I went to Newtown in CBD (Central Business District) Johannesburg for the 5th annual Back to the City event. Newtown is traditionally known to be the arty side of town, which is very appropriate for the music event. Back to the City is a Kwaito and hip-hop event that showcases South Africa’s local talent pool and celebrates the blooming youth culture in SA. Everyone from musicians, skaters, dancers, graffiti artists, hipsters, rastas, and musicians went to enjoy the festivities. There were probably over 1500 people in attendance for the best online casino 12-hour event.
The event consists separate stages that include music performances, B-boy dancing, local clothing vendors, and BMX-ers. Some of South Africa’s popular musicians such as Kwesta, Prokid, and HHP gained popularity from their start on Back to the City’s stage and still return to perform to loyal fans.
I met Kagiso aka Zero My Hero on a rainy Saturday evening on the way to a music session at Club Pelican. Kagiso, 25, a poet/rapper considers himself to be a man of words. He intertwines his poetry background as a form of lyricism for his music. In the budding stages of his music career, Zero My Hero, has recently finished mixtape CD of his music and is working on building his own in-house studio.
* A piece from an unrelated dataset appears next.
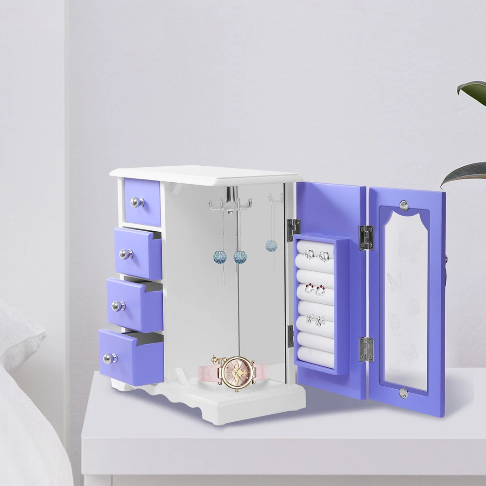 Specification Style: Simple, Modern Material: Mdf, Glass Color: Purple Process: Odorless Paint Number of Drawers: 4 Product Size: 23*13*28.5cm/9*5*11.2in Package Size: 29*18*34cm/11.42*7.09*13.38in Net Weight: 2kg/4.41lbs Gross Weight: 2.4kg/5.29lbs Package Included 1* Jewelry Box Wooden Jewelry Box Butterfly Jewelry Storage CabinetOrganizer & 4 Drawers Mirror Welcom to yybshop06 Description This Jewelry Box Will Keep Your Dresser Organized and save Time Searching for Jewelry. with Its Creative Design and Beautiful Butterfly Pattern, It Will Add a Touch of Character to Your Home. Specification Style: Simple, Modern Material: Mdf, Glass Color: Purple Process: Odorless Paint Number of Drawers: 4 Product Size: 23*13*28.5cm/9*5*11.2in Package Size: 29*18*34cm/11.42*7.09*13.38in Net Weight: 2kg/4.41lbs Gross Weight: 2.4kg/5.29lbs Package Included 1* Jewelry Box Key Features Excellent Material: This Jewelry Box Is Made of High-quality Mdf, Which Is Natural, Renewable, Anti-wear, Rust-resistant, and Has a Long Service Life. Beautiful Appearance : the Creative Look, Butterfly Pattern, Double Door Design, and Purple Color of the Jewelry Box Make It Beautiful and Suitable in Any Setting. Dust-proof and Highly Transparent Glass: This Jewelry Box Has Highly Transparent Glass. the Glass Is Not Only Dust-proof but Also Provides an Unobstructed View of the Interior Which Can Keep the Inside Clean and Help You Quickly Find the Jewelry You Want. 360° Rotatable Hook: This Jewelry Box Has a 360° Rotatable Hook, Which Can Be Freely Rotated for Easy Access to Necklaces and Bracelets. Large Capacity Storage: This Jewelry Box Has a Ring and Earring Area, a Hanging Area Behind the Door, and 4 Drawers. Earrings, Necklaces, Bracelets, Rings, Watches, Lipsticks, Etc. Can All Be Put into This One Organizer, Which Can Meet Your Various Needs and Make Your Dressing Table Tidier and Neater. Double Door Design: This Jewelry Box Is a Double Door Design, There Is a Large Opening, Which Is Easy for You to Take Earrings, Necklaces, Bracelets, and Rings. Sorted Storage: This Jewelry Box Has 4 Drawers That Allow You to Sort Your Items to Make Your Room Tidier and Easy to Find the Things You Need. Space Saving: with Its Footprint of 9*5in, This Jewelry Box Takes up a Small Area. Since It Makes Use of Vertical Space, Not Only Will It Not Waste Your Dressing Table, but It Will Also Provide You with More Storage Space. Built-in Mirror : This Jewelry Box Case Has a Built-in Mirror. You Only Need to Open the Box to Use It, Which Is Very Convenient for You to Wear Jewelry and Does Not Take up Much Space. Earrings and Rings Storage Area: This Storage Area Is Equipped with Soft Velvet to Protect the Jewelry from Wear and Tear Which Is Very Thoughtful. Wonderful Gift: Our Jewelry Box Is an Ideal Gift for Your Wife, Daughter, Girlfriend, or Make-up Lovers on Birthdays, Anniversaries, and Christmas, Because It Is Not Only Useful but Also a Great Decoration. Easy to Clean: Because of Its Smooth Surface, You Only Need to Wipe It with a Cloth, and Then It Will Shine like a Brand-new One. Customer Service: We Aim to Provide Quality Products and Services. If You Have Any Problems, Please Feel Free to Contact Us. We Will Reply and Solve the Problem for You As Soon As Possible. Details Anti-slip Footbeds : This Jewelry Box Has Four Anti-slip Footbeds on the Bottom, Which Allows You to Keep It Stable While Using It for Your Convenience. 4 Drawers: the 4 Drawers of This Jewelry Box Not Only Provide More Storage Space but Also Protect Privacy. Silver Handles: Each Drawer Has a Silver Handle That Is Round and Smooth for Easy Access and Embellishes the Jewelry Box. Every Time You Open the Box Is a Ritual Enjoyment. Odorless Paint: This Jewelry Box Adopts Odorless Paint Which Is Odorless, Does Not Fade, and Has Bright Colors. Plating Hardware : the Plating Hardware of This Jewelry Box Will Not Fade or Rust Which Increases the Service Life. Application It Is Suitable for the Bathroom, Bedroom, Dressing Table, and Make-up Store to Place Necklaces, Rings, Earrings, Bracelets, and Other Make-up Items, Making Your Dressing Table Neater and Tidier. Notes Please Allow the Slight Color Difference Caused by the Shooting Light and 1-3 Cm Error Due to Manual Measurement, and Make Sure You Do Not Mind Before Ordering. Payment Delivery details Terms of sales About us Contact us Payment We accept ebay payment 。 Fees such as import duties, taxes are not included in the item price or shipping costs. These charges are the buyer's responsibility. Delivery details Shipping: 2-9 working days to: USA Terms of sales We maintain high standards of excellence and strive for hundred percent customer satisfaction. Feedback is very important to us. We hope that you contact us immediately before you give neutral or negative feedback, so that we can address your concerns. It is impossible to address issues if we do not know about them! About us Your satis faction is our ultimate goal. We work hard to earn your trust and future business. Our certified technicians have tested each item before shipping. The unit comes with 1 year limited warranty on all manufacturing defects. a) If you receive a defective item, you may return it or ask for a discount. Please contact us within 14 days after you receive the package. b) What you returned must be intact and in its original packaging as re? u. Customer is responsible for shipping costs of the returned item. c) We will cover the cost of shipping back t with the shipping rate indicated in the registration page. We will send you a new unit or refund the full payment you paid. Thank you. Contact us Business Hour Business Hour: Monday To Friday: 8:30 AM to 5:00 PM (Beijing China time) Due to time zones, our reply to your questions may not be immediately. But within above working time, we will reply your email within 24 hours. If it's non-workdays, please kindly be patient and wait till Monday. Please contact us with ebay message. Please

In the scantily crowd of spectators and performers (blame the weather), Zero My Hero remained engaged and supportive to every performance that went on stage; he even gave the occasional whispers of critique to what he thought worked or could be improved.
Zero My Hero is a refreshing guy to spend time with, and his dedication to perfecting his craft is even more refreshing. He’s a man on a mission to mingle his social consciousness of township life with his love for music. After a recital of his poetry, I got a chance to chat with him for a moment.